The United States Court of Appeals for the Ninth Circuit affirmed the District Court’s grant of summary judgment to the defendants in the antitrust matter, Saskia V. W. Hilton v. Children’s Hospital San Diego, et al. Dr. Michael C. Keeley, a senior vice president of Cornerstone Research, was retained by Sheppard, Mullin, Richter & Hampton, counsel for the defendants, to evaluate the plaintiff’s antitrust claims from an economic perspective and to assess the validity of the analysis put forward by the plaintiff’s economist. The plaintiff, a pediatric radiologist, alleged violations of Sections I and II of the Sherman Act, claiming that the defendants had engaged in a horizontal market division agreement and that one of the defendants had also unilaterally refused to deal with her.
Dr. Keeley demonstrated that the defendants had no incentive to engage in collusive behavior because they had conflicting interests and had no ability to affect market prices because they faced competition from many other healthcare providers. Dr. Keeley also showed that the alleged exclusionary conduct could not have led to antitrust injury because hypothetically denying the plaintiff privileges to practice at a single hospital could not have harmed market competition or adversely affected the prices paid or the quality of care received by the ultimate consumers—the patients.

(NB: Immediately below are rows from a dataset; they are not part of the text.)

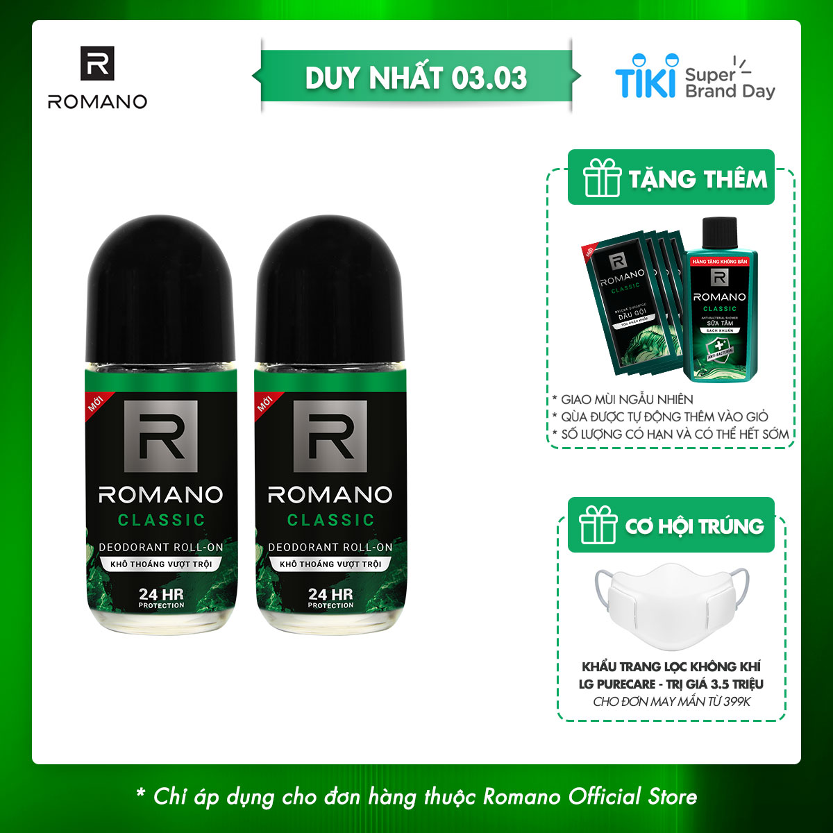 Bộ sản phẩm Combo 2 Lăn khử mùi Romano Classic kháng khuẩn & khô thoáng cả ngày 50ml*2 Thương hiệu: Romano.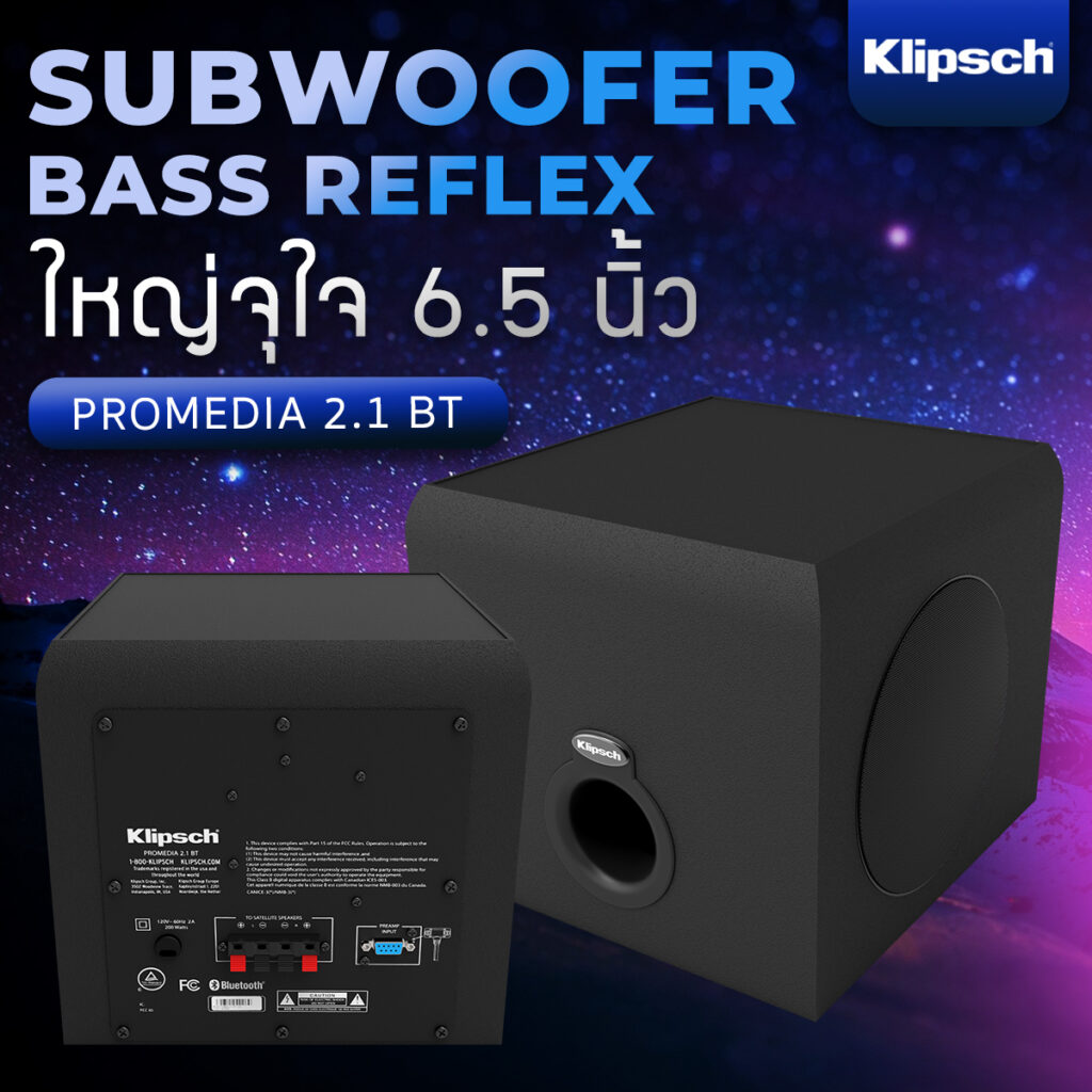 ลำโพงคอมพิวเตอร์ Klipsch ProMedia 2.1 BT Computer Speaker จะมีท่อระบายลม Bass Reflex ในลักษณะวงกลมเพื่อลดลมในตู้ลำโพง และ ความผิดเพี้ยนของเสียงที่จะเกิดขึ้นได้ ย่านเสียงต่ำจะกระชับ นิ่ง ไม่ขัดใจแน่นอน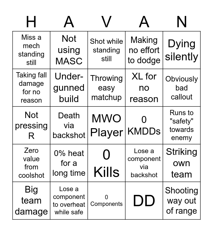 This bingo card has a free space and 30 words: Lose a component to overheat while safe, Death via overheat, Death via backshot, Runs straight away with back showing, Miss a mech standing still, Shot while standing still, Under-gunned build, 0 Kills, 0 KMDDs, 0 Components, Runs to "safety" towards enemy, Shooting way out of range, DD, Help! I've fallen and I can't get up!, Obviously bad callout, Ego peeking bad angle, Lose a component via backshot, Zero value from coolshot, 0% heat for a long time, Dying silently, Not pressing R, Not using JJs, Not using MASC, XL for no reason, Taking fall damage for no reason, Making no effort to dodge, Striking own team, Big team damage, Throwing easy matchup and Forgetting Override.
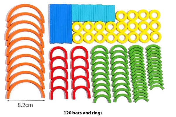 - 120 sticks and rings in various colors.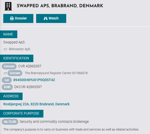 За обменником стоит компания Swapped ApS с датской регистрацией CVR 42865397, а лицензию Датского управления финансового надзора Finanstilsynet сервис получил 2 февраля 2022 года.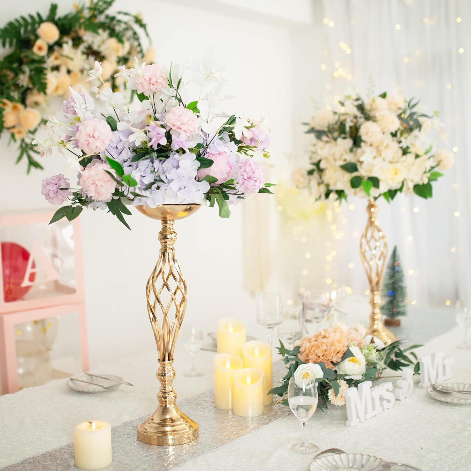 • WEDDING DECORATIONS: These wedding arrangement centerpieces are perfect for your wedding ceremony, wedding party and wedding road-leading. They match fresh flowers, artificial bouquets, flower balls and wedding candles, which can beautifully decorate your wedding moments.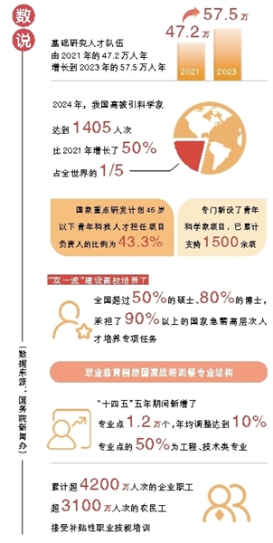 2026年政府工作报告提出“加强拔尖创新人才培养”。随着数字化转型进入“深水区”,数字人才概念不断被重新定义?!笆种泄ㄉ栊枰叨搜蟹⒑涂蒲行褪秩瞬诺耐黄菩源葱拢枰罅磕芄恢С庞τ寐涞?、场景推广和系统运行的多层次数字人才队伍?!苯苯徊浇ㄒ?,要前瞻性地规划创新性人才的成长地图和人才培育体系,打造基于人才成长全链条全要素、对数字人才进行智能识别和针对性培育的大模型;高校要强化数字化人才队伍建设,通过专项培养、人才引进等方式,打造既懂教育规律又懂数字技术的复合型团队。(本报记者 顾意亮)

The United States District Court for the Southern District of California granted summary judgment to defendants on all antitrust claims finding that “[b]ecause of the absence of evidence of an antitrust injury, summary judgment in defendant’s favor is required.” On appeal, the United States Court of Appeals for the Ninth Circuit affirmed that ruling, holding that “[t]he defendants met their initial burden of raising lack of antitrust injury as a basis for granting summary judgment in their favor” and that the plaintiff had “…not produced evidence that would create a genuine issue of material fact on the question of antitrust injury.”